En avant-première de sa sortie en salles prévue à la fin de l’année, le Festival du Film Hongkongais de Paris (FFHKP) donnait à découvrir le plus gros succès au box-office domestique de 2024 et de tous les temps pour un film hongkongais : La Dernière valse d’Anselm Chan, un manifeste authentique et bouleversant sur le rapport au monde, à la vie et à la mort dans le Hong Kong de notre époque.
Ce qui ressemble au départ à une déclinaison hongkongaise du film japonais Departures, dans lequel un violoncelliste découvre les ficelles des métiers du funéraire, prend très vite une direction différente, et bien plus complexe que le simple clivage tradition et modernité. Dans La Dernière valse, par un concours de circonstances financières post-COVID difficiles, un organisateur de mariages, Dominic (interprété par Dayo Wong), s’associe à un prête taoïste, Man (interprété par Michael Hui), pour conduire les rites mortuaires traditionnels. Le titre chinois du film, 破地獄, signifie « briser la porte de l’enfer », l’un des rituels les plus distinctifs du taoïsme cantonais. Il s’agit d’escorter les âmes des défunts jusqu’à leur jugement dernier, et les guider jusqu’au seuil de la réincarnation.
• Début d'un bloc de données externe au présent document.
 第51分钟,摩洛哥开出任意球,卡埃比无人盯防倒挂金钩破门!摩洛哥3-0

Les mondes qui opposent Dominic et Man peuvent se résumer au détour d’une conversation entre les deux protagonistes. Dominic lance que dans une bonne entreprise, un prêtre taoïste transcende les âmes des morts et un agent funéraire celle des vivants. D’abord braqué, Man rétorque que l’âme des vivants n’a aucunement besoin d’être transcendée, ce à quoi Dominic répond : « Vivre aussi, peut être un enfer ». Réplique lourde de sens, qui trouve un écho dans chaque aspect du drame familial qu’Anselm Chan met en scène. De toutes les façons, Man occupe le rôle de patriarche au sein du foyer. Son fils (interprété par Tommy Chu) l’assiste lors des cérémonies taoïstes et sa fille (interprétée par Michelle Wai), étant une femme et interdite de pratique religieuse, travaille aux urgences hospitalières. Aveuglé par les forces imperturbables de sa profession, Man se met toute sa famille à dos.
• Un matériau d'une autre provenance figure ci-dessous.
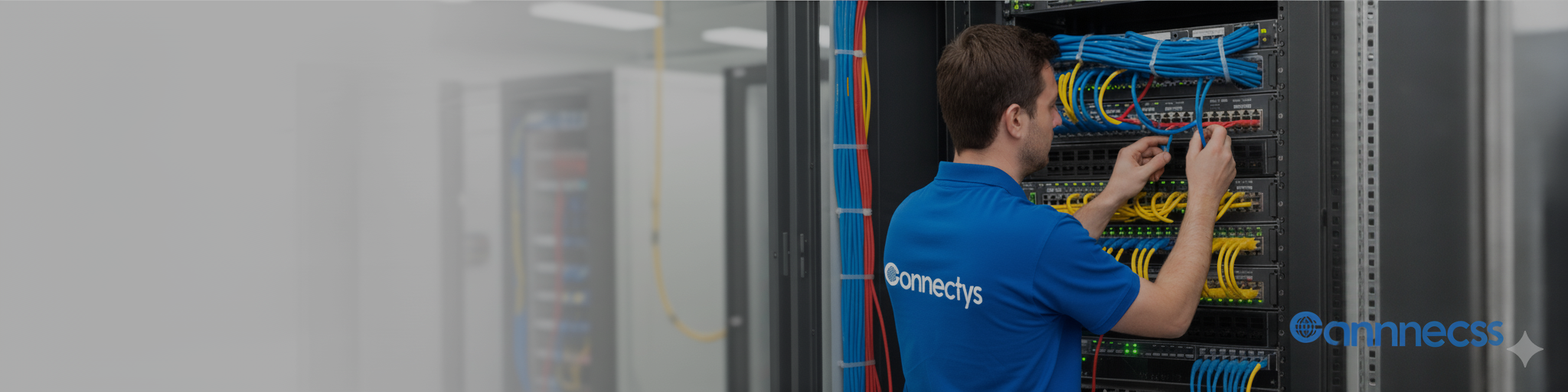 Spécialiste du câblage cuivre RJ45 et fibre intrasite, Connectys conçoit et installe les réseaux internes des entreprises : baies, brassage, routeurs, serveurs, bornes Wi-Fi. Nous assurons la mise en production complète de vos installations LAN avec tests, repérage et certification.

En prenant comme cadre un foyer au sein duquel tous les âges cohabitent (du grand-père au petit fils), Anselm Chan interroge le rôle de chacun vis-à-vis des générations environnantes. Le rôle du fils est-il d’hériter du savoir-faire de son père, et celui de la fille de se plier aux exigences archaïques des traditions ? La conclusion reste la même : remettre en question le rôle du patriarche au sein du foyer, c’est aussi remettre en question la place des traditions dans la société. À ce titre, le traitement des personnages féminins en est le meilleur exemple. Quand le fils se convertit au catholicisme pour permettre à son enfant d’intégrer une bonne école, ou quand la fille est prise à mélanger ses sous-vêtements avec les tenues traditionnelles de son père, c’est bien toujours sur elle que la faute est rejetée. Tout comme le film ne parle pas tant des morts que des vivants, il ne parle pas tant de spiritualité que des superstitions encore très ancrées à Hong Kong, telles qu’une femme serait impure à cause de son cycle menstruel (raison pour laquelle Man lui refuse la pratique et le mélange de ses vêtements).
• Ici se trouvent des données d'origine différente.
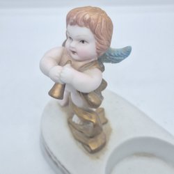 En dekorativ ljusstake med en ängel som spelar harpa.

Alors il serait peut-être plus juste de dire que La Dernière valse met en scène le conflit des gestes ritualisés. Là où le père guide les âmes défuntes dans le monde des morts, sa fille procure des soins aux vivants grâce à sa formation médicale. La dualité prend une toute autre dimension dans la seconde partie du film. Lorsque la santé de Man se dégrade, sa fille, rejetée, devient la seule à pouvoir s’occuper de lui. Une inversion qui insiste sur le cycle naturel de la vie et de la mort, et sur la remise en question dans laquelle Man est désormais contraint de s’engager. Cette relation familiale complexe ouvre une fenêtre inhabituelle sur la représentation des rôles qui incombent aux différentes générations, sans doute une raison pour laquelle le film a rencontré un tel succès pour lequel on ne peut que s’enthousiasmer. C’est nécessairement encourageant de soutenir un film d’une telle justesse et d’une telle actualité, porté par des interprètes prodigieux, filmé à la perfection.

Richard Guerry.
La Dernière Valse d’Anselm Chan. 2024. Hong Kong. Projeté au FFHKP 2025. En salles via Trinity CineAsia le 31/12/2025.